The day after the funeral, half out of her mind and mad as hell at Jim for that fifty-thousand-dollar cheque, she’d walked into a travel agency to blow his fifty thousand on a world cruise – and jump overboard before the boat completed its circle.
She hadn’t booked a world cruise. The agent had shown her a cruise of the Greek islands. The water would be warmer there, she’d thought, and she’d never heard of white pointers eating Greeks. It hadn’t cost fifty thousand, so she’d upgraded her flights to business class, paid for top-of-the-range travel insurance, paid the deposit with the Visa card, then driven home and forgotten about it – until the itinerary arrived and a bill for the balance of her cruise.
She could have cancelled it. Might have got back a little of her deposit. Had thought about cancelling it, but she’d read that itinerary then written a cheque for the balance.
May was five days old when she wrote a final cheque for the woodman, then a larger cheque for the lawnmower man. She paid him in advance to come in weekly while she was away. He had a vac-blower that made short work of fallen leaves. They were falling.
On the fifth of May she wrote her hairdresser a cheque for a trim and dye job, went to the bank to collect her new bank card, guaranteed by that bank to access any overseas ATM, then drove out to the Willama tip with a load, just to check it out.
It was more businesslike than Woody Creek’s. It had a uniformed man in a small office who took her money, told her where to unload and left her to do it. She got rid of a boot-load of pla
stic pots and a few pot plants. She’d get rid of Juliana’s cartons there tomorrow.

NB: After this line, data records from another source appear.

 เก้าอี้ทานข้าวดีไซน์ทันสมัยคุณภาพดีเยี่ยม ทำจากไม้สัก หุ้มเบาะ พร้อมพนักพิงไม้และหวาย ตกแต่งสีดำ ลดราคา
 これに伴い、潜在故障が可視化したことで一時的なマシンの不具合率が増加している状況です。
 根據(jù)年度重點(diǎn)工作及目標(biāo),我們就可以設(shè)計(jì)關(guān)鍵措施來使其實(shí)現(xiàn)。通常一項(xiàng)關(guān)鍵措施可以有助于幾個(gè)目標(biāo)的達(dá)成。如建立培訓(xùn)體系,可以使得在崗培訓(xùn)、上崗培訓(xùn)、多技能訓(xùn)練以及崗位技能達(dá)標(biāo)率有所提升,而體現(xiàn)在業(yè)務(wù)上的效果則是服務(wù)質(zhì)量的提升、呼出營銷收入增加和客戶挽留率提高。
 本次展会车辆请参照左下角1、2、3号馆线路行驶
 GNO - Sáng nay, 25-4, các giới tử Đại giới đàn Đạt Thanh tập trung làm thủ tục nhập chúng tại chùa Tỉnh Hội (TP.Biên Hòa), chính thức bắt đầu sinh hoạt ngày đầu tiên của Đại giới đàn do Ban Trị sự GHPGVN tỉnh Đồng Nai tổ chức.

That evening she’d removed the shroud and was sealing the first carton into a garbage bag when the phone rang. She thought buyer and ran. It was Georgie. The case won or lost, she was back in Greensborough.
‘Heard from Trudy?’ Georgie asked.
‘No.’
‘She’s back at work, doing the nightshift at Box Hill.’

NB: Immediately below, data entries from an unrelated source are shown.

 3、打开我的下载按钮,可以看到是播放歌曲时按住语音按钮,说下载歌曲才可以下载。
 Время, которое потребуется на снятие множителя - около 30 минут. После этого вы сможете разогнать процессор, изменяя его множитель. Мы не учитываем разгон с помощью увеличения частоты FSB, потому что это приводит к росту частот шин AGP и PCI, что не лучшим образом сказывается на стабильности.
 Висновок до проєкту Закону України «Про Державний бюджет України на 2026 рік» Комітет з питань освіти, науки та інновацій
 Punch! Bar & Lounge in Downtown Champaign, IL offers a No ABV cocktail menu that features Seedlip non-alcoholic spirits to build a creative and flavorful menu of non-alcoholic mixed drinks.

‘Who’s looking after the boys?’
‘They might keep Nick at home,’ Georgie said.
‘They might not too.’
‘What have you been doing? You’re panting,’ Georgie said.
‘I ran from the library. I’m dumping those cartons in Willama tomorrow.’
‘Filled Woody Creek’s, eh?’
‘Old Bert opens them. The publisher’s name and mine is all over them,’ Jenny said.
‘Kill that thought,’ Georgie said.
‘The Willama tip is impersonal. No one sees what you dump,’ Jenny argued.
‘You’re not dumping those books, Jen.’
‘Then what do I do with them?’
‘I’ll give them garage space. We’ll bring the ute up at the weekend.’
‘I’ll need any space you’ve got in your garage for the stuff I want to keep.’
‘We’ll find space. We’ll be up on Saturday –’
‘No. Make it the following weekend and I’ll drive back behind you. I’m going to tell Trudy about Margot – and I’ve got something to tell you too.’
‘I’m here.’
‘You’ll try to talk me out of it.’
‘What?’
‘I’m booked on a cruise, leaving on the fifteenth.’
It was much more than a cruise, but cruise was enough for Georgie to swallow over the phone. Without giving her space to ask, ‘Where to?’ Jenny added, ‘That’s why I’ve been in such a hell of a hurry to get things done. I won’t get back until the sixteenth of June and I hand over the keys on the eighteenth.’
‘The sixteenth of June? You’re going for a month?’
‘Twenty-eight days – plus the time flying.’
*
They came on Saturday, the tenth of May. They loaded Amy’s desk, then the cartons. They loaded the ruby-glass lamps into Jenny’s car with two large cases and one that was smaller, brand new and already packed for her cruise. It had wheels and a handle that turned it into a trolley. The laptop, zipped into its bag, went into the Toyota’s boot, with Jim’s concertina file and Jenny’s near new set of saucepans. The jewellery box rode on her front passenger seat with her handbag.